Unicode simply assigns an integer to each character. UTF-8 or others are used to encode these integers ("code points") to a sequence of bytes to be stored in the memory. My question is that why can't we simply store the character as the binary representation of its Unicode value (the "code point") ? Consequently, some languages have characters that require multiple bytes to represent them. Isn't it more easier to store them just as the binary of their code points ?
views:
38answers:
3Yes we can, and that is UTF-32.
The problem is UTF-32 wastes a lot of space. If the text contains a lot of European / Hebrew / Arabic text, with UTF-8 it takes only 1 to 2 bytes per code point, but with UTF-32 it takes 4 bytes per code point.

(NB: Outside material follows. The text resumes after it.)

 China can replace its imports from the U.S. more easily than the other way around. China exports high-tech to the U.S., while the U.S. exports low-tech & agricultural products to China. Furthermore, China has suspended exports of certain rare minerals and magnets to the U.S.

If we store the integer value as variable size, e.g. 0 ~ 255 use 1 byte, 256 ~ 65535 use 2 bytes etc., we would have an ambiguity problem, e.g. should 5a 5a
represent "ZZ" or "婚"? Basically, the solution is what we called UTF-8 — we use some special bits to indicate the length of the byte sequence to give a unique decoding result.

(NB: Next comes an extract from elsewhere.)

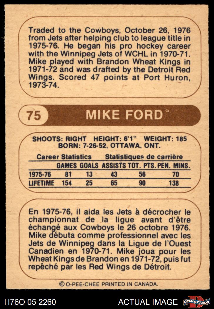1976 O-Pee-Chee WHA #75 Mike Ford

Firstly, there is a way to store them as raw codepoints. That's UTF-32 or UCS-4. Each character will always be four bytes, and store each codepoint unmodified.
However, the reasons for using others such as UTF-8 include:
- ASCII compatibility: files that only contain U+0000 - U+007f don't need to change at all
- size efficiency: UTF-8 usually ends up in much smaller files
How exactly would you save those code points? Some code points fit into one byte, some need 3 bytes. Will you use 4 bytes per each code point? When you look at byte stream, how do you know where one code point ends and other one starts? UTF-8 (and other encodings) gives you answer to that.